Take something less pernicious - TV. You are flooding your body with dopamine or entrancing it with entertaining flickering lights and sounds. It’s lashed and tied by these novel stimulus. People often describe film as captivating’, immersive’. It takes us out of our heads and we love it, at least for a few hours.

Are there other ways to saddle” your body? One example that seems to help for the anxious is a flow state. Giving yourself a task just hard enough to keep you occupied. It’s like giving the dog one of those balls with treats in that fall out occasionally. If you are good with numbers, being an accountant can be heaven for someone who would otherwise be fighting against their own mind all day.

I’ve used a lot of metaphors here, but it’s interesting to think about the metaphors we use to describe our lived experience and especially anxiety and feeling bad.
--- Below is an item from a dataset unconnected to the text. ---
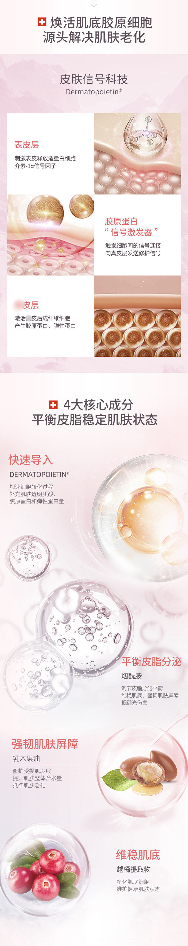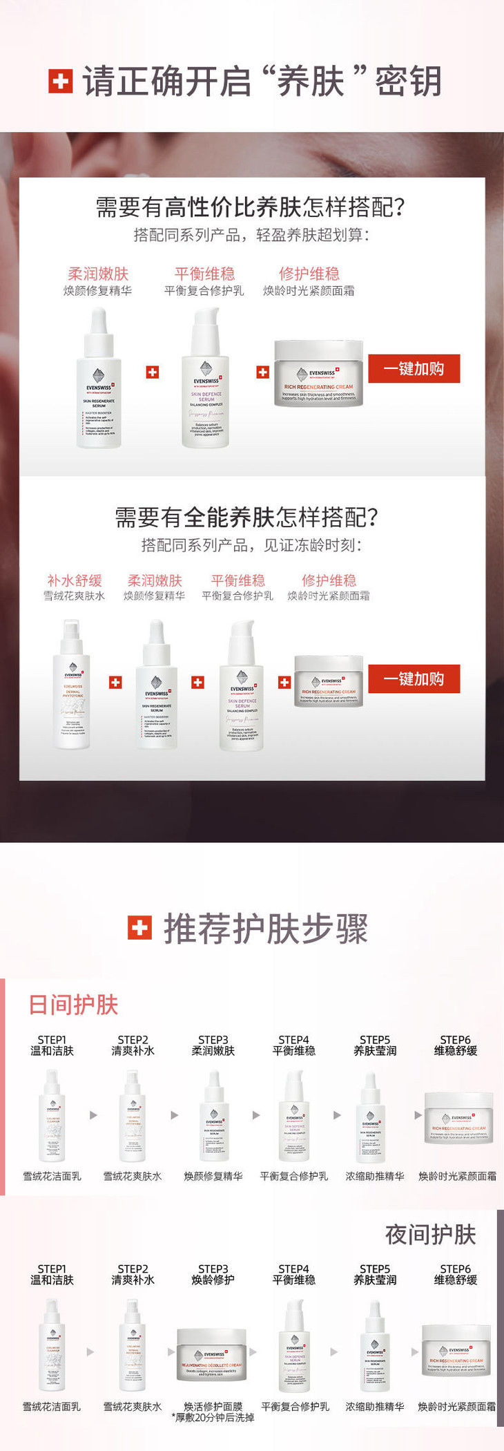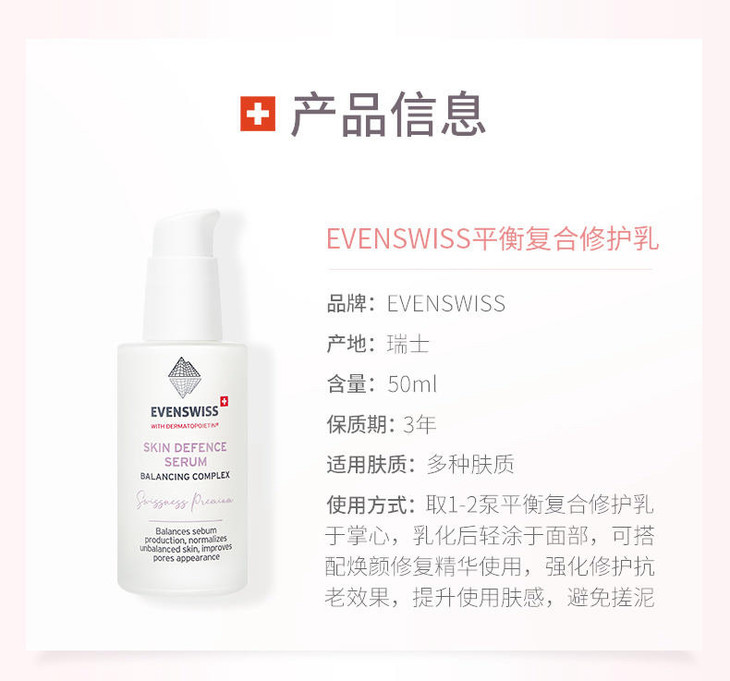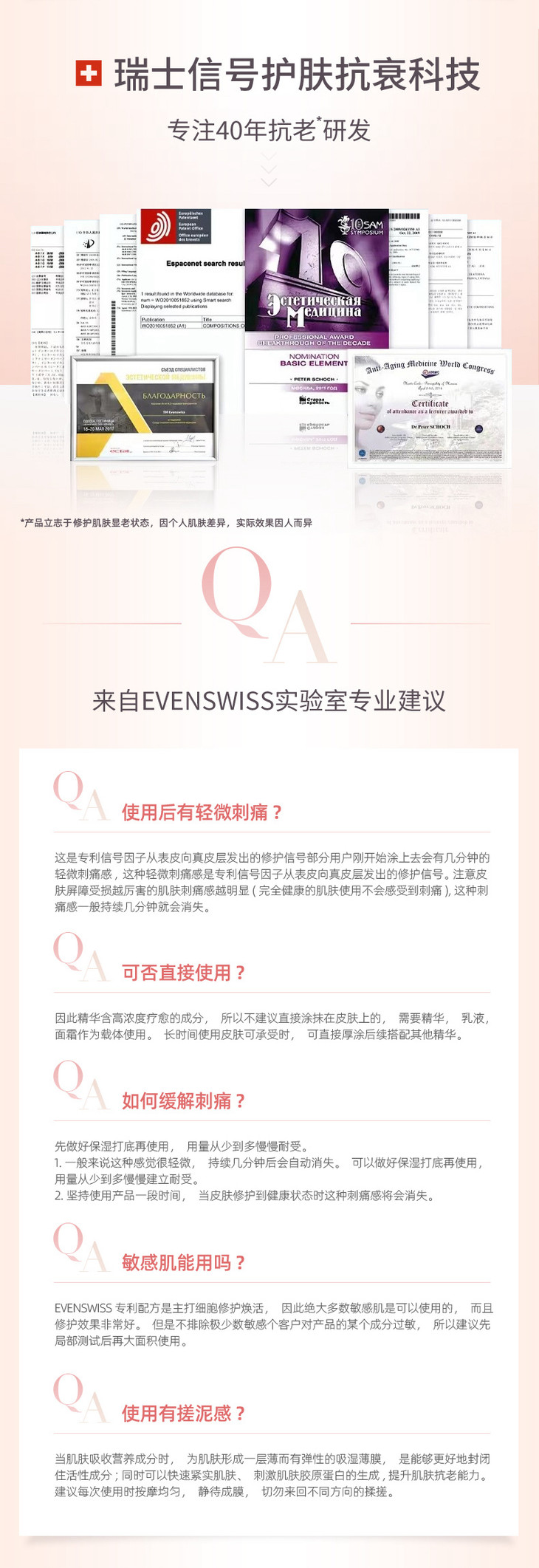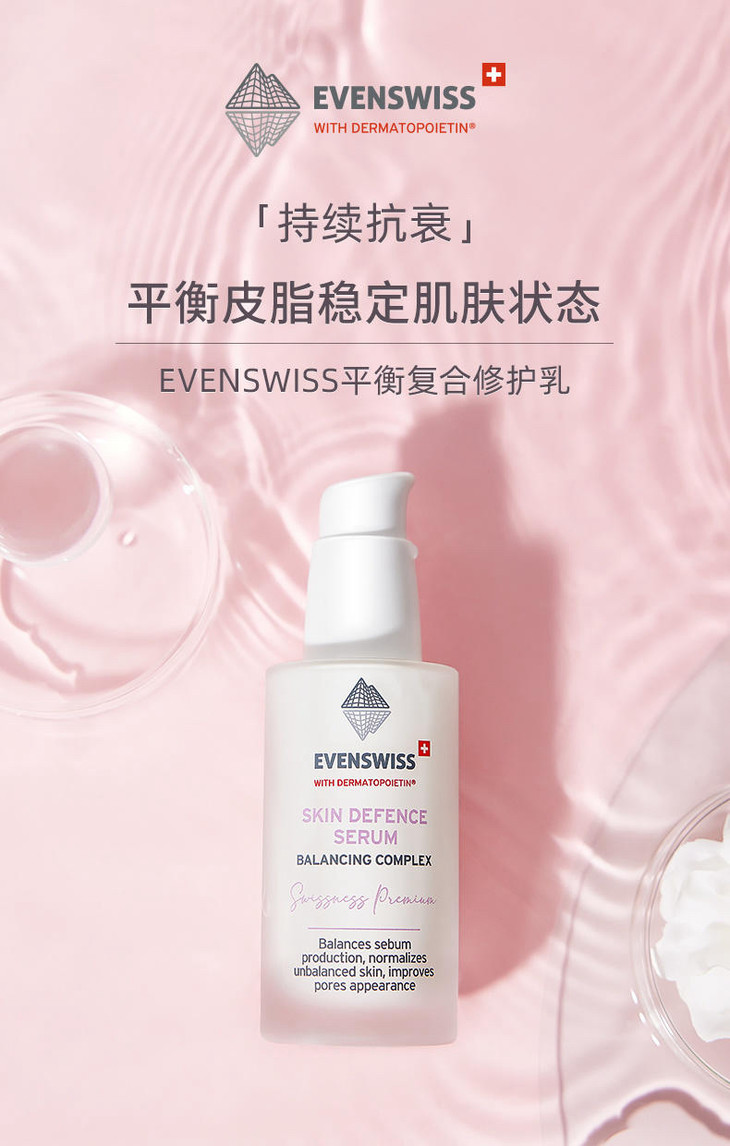 EVENSWISS伊瑞施是一个来自瑞士的前沿科技护肤品牌,创始人Igor Pomytkin博士此前曾在莫斯科化学物理研究所担任高级研究科学家,拥有许多医学方面的前沿专利发明。40年来,品牌专研肌肤妔衰XIU复技术,主打信号护肤,拥有20多项国际专利,除创始人外,EVENSWISS科研团队还汇聚了生物化学、皮肤科等方面的专家,将再生医学技术与生物美容结合,研发出前沿品牌专利技术Dermatopoietin(简称DP ),通过触发白细胞介素1α炎症信号因子的释放,建立细胞间的信号级联,高效地CU进 ZHEN皮层胶原蛋白自生。EVENSWISS品牌旗下产品都是在DP技术上,加以瑞士植物干细胞配方、各种小分子多肽以及其他高浓度的活性成分,帮助使用者减少产品使用的数量,一瓶满足多种功效,28天看到肌肤变化哦!

Ride it out.” Blow off the cobwebs.” Shake yourself up.” Take a look at things differently.” All have a bit of truth to them, but can also lead us down confusing paths.

So, next time you see an old woman running the streets. Why would you hate her? You can’t blame the woman who spends hours running every day. It’s certainly not the worst use of her time. Don’t feel sorry for her, for this moment, she is in control. Certainly don’t feel jealous of her, if she’s anxious, she’s likely found running as a way to save herself, in a mostly healthy way. And of course, maybe, she’s a well adjusted person who likes to move her body very fast across hard concrete surfaces… Well that would be crazy!